==== DATA SHOWN ====

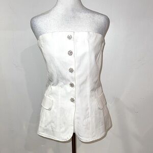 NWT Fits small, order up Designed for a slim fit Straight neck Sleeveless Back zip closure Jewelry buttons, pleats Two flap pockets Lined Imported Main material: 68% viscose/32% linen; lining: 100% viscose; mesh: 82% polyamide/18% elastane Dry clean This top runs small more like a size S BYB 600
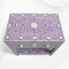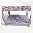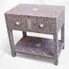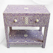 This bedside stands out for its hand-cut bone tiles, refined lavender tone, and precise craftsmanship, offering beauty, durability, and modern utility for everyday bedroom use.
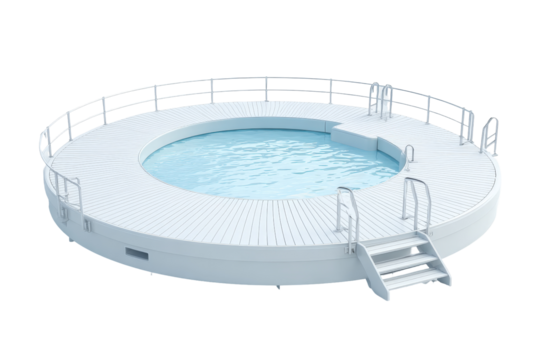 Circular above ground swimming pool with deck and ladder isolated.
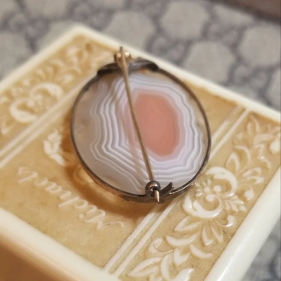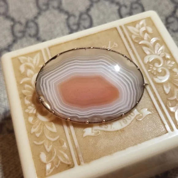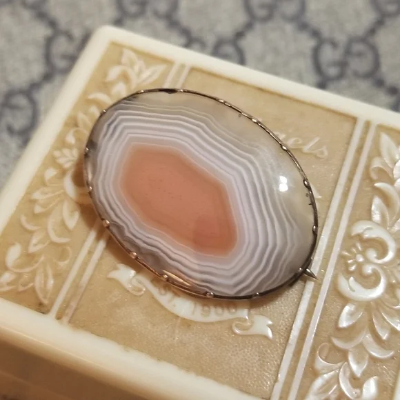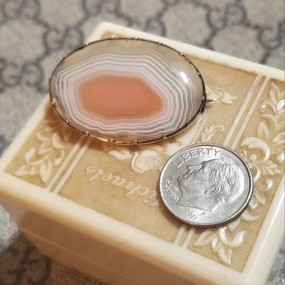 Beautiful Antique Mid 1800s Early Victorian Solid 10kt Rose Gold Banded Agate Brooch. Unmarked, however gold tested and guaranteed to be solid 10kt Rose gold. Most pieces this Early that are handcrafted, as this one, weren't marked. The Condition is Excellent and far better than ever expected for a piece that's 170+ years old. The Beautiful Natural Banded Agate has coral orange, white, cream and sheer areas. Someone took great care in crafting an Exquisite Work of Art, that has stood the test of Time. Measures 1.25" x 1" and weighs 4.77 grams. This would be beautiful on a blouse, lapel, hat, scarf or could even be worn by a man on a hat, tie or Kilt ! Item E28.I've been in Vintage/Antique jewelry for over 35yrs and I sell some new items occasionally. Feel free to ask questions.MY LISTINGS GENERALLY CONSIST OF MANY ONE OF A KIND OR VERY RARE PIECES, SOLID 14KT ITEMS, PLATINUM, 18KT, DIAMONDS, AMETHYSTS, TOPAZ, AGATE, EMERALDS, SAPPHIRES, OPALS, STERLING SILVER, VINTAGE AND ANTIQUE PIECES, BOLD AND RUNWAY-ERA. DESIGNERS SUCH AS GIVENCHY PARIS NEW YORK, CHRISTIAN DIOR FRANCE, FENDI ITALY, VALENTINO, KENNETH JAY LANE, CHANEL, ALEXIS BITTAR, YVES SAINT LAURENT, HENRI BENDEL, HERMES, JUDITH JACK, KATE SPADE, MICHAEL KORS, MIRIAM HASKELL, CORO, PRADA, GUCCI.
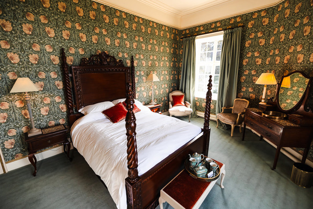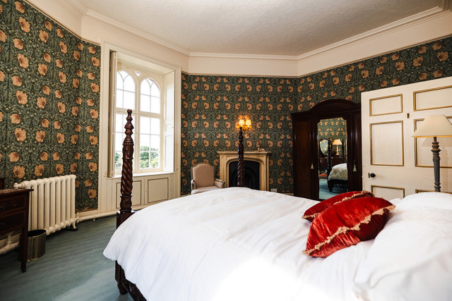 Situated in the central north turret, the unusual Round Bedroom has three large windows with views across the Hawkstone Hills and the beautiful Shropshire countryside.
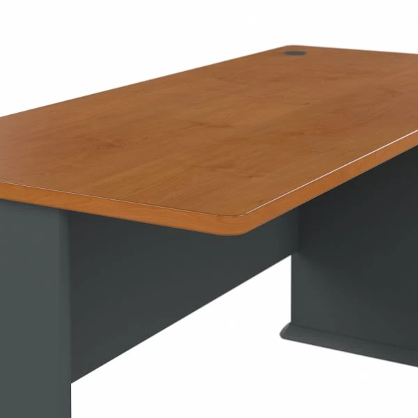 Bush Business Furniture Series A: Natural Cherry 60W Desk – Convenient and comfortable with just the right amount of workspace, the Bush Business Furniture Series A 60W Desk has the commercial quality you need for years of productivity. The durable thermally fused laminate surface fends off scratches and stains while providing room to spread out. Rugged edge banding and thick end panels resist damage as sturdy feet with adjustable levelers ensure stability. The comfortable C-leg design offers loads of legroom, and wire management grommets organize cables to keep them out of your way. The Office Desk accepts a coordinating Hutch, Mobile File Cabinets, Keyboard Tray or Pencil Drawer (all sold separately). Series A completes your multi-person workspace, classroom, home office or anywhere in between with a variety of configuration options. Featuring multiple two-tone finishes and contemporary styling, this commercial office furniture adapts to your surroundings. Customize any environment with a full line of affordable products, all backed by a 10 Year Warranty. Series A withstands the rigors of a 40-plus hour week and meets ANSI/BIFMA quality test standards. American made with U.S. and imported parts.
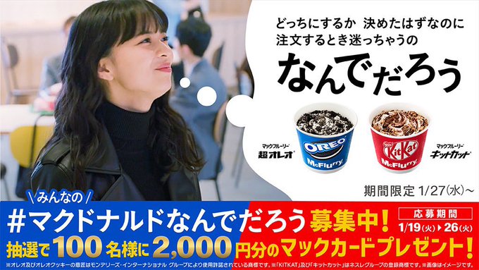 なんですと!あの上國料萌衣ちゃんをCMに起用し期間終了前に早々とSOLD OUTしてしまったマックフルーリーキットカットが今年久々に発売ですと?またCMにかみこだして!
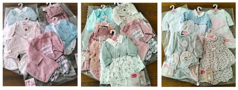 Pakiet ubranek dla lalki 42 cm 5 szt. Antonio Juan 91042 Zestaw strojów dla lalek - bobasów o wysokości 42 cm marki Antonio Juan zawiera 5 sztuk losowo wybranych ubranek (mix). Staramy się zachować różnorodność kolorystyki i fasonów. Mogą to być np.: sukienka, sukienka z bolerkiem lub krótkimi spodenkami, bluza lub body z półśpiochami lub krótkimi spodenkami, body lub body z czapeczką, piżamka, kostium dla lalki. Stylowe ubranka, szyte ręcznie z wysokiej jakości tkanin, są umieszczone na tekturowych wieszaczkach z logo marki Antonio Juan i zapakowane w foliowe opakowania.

====

— THE TASK —
Give every line of the data above again as it stands; the pictures stay out.

— COMPLETED TASK —
 NWT Fits small, order up Designed for a slim fit Straight neck Sleeveless Back zip closure Jewelry buttons, pleats Two flap pockets Lined Imported Main material: 68% viscose/32% linen; lining: 100% viscose; mesh: 82% polyamide/18% elastane Dry clean This top runs small more like a size S BYB 600
 This bedside stands out for its hand-cut bone tiles, refined lavender tone, and precise craftsmanship, offering beauty, durability, and modern utility for everyday bedroom use.
 Circular above ground swimming pool with deck and ladder isolated.
 Beautiful Antique Mid 1800s Early Victorian Solid 10kt Rose Gold Banded Agate Brooch. Unmarked, however gold tested and guaranteed to be solid 10kt Rose gold. Most pieces this Early that are handcrafted, as this one, weren't marked. The Condition is Excellent and far better than ever expected for a piece that's 170+ years old. The Beautiful Natural Banded Agate has coral orange, white, cream and sheer areas. Someone took great care in crafting an Exquisite Work of Art, that has stood the test of Time. Measures 1.25" x 1" and weighs 4.77 grams. This would be beautiful on a blouse, lapel, hat, scarf or could even be worn by a man on a hat, tie or Kilt ! Item E28.I've been in Vintage/Antique jewelry for over 35yrs and I sell some new items occasionally. Feel free to ask questions.MY LISTINGS GENERALLY CONSIST OF MANY ONE OF A KIND OR VERY RARE PIECES, SOLID 14KT ITEMS, PLATINUM, 18KT, DIAMONDS, AMETHYSTS, TOPAZ, AGATE, EMERALDS, SAPPHIRES, OPALS, STERLING SILVER, VINTAGE AND ANTIQUE PIECES, BOLD AND RUNWAY-ERA. DESIGNERS SUCH AS GIVENCHY PARIS NEW YORK, CHRISTIAN DIOR FRANCE, FENDI ITALY, VALENTINO, KENNETH JAY LANE, CHANEL, ALEXIS BITTAR, YVES SAINT LAURENT, HENRI BENDEL, HERMES, JUDITH JACK, KATE SPADE, MICHAEL KORS, MIRIAM HASKELL, CORO, PRADA, GUCCI.
 Situated in the central north turret, the unusual Round Bedroom has three large windows with views across the Hawkstone Hills and the beautiful Shropshire countryside.
 Bush Business Furniture Series A: Natural Cherry 60W Desk – Convenient and comfortable with just the right amount of workspace, the Bush Business Furniture Series A 60W Desk has the commercial quality you need for years of productivity. The durable thermally fused laminate surface fends off scratches and stains while providing room to spread out. Rugged edge banding and thick end panels resist damage as sturdy feet with adjustable levelers ensure stability. The comfortable C-leg design offers loads of legroom, and wire management grommets organize cables to keep them out of your way. The Office Desk accepts a coordinating Hutch, Mobile File Cabinets, Keyboard Tray or Pencil Drawer (all sold separately). Series A completes your multi-person workspace, classroom, home office or anywhere in between with a variety of configuration options. Featuring multiple two-tone finishes and contemporary styling, this commercial office furniture adapts to your surroundings. Customize any environment with a full line of affordable products, all backed by a 10 Year Warranty. Series A withstands the rigors of a 40-plus hour week and meets ANSI/BIFMA quality test standards. American made with U.S. and imported parts.
 なんですと!あの上國料萌衣ちゃんをCMに起用し期間終了前に早々とSOLD OUTしてしまったマックフルーリーキットカットが今年久々に発売ですと?またCMにかみこだして!
 Pakiet ubranek dla lalki 42 cm 5 szt. Antonio Juan 91042 Zestaw strojów dla lalek - bobasów o wysokości 42 cm marki Antonio Juan zawiera 5 sztuk losowo wybranych ubranek (mix). Staramy się zachować różnorodność kolorystyki i fasonów. Mogą to być np.: sukienka, sukienka z bolerkiem lub krótkimi spodenkami, bluza lub body z półśpiochami lub krótkimi spodenkami, body lub body z czapeczką, piżamka, kostium dla lalki. Stylowe ubranka, szyte ręcznie z wysokiej jakości tkanin, są umieszczone na tekturowych wieszaczkach z logo marki Antonio Juan i zapakowane w foliowe opakowania.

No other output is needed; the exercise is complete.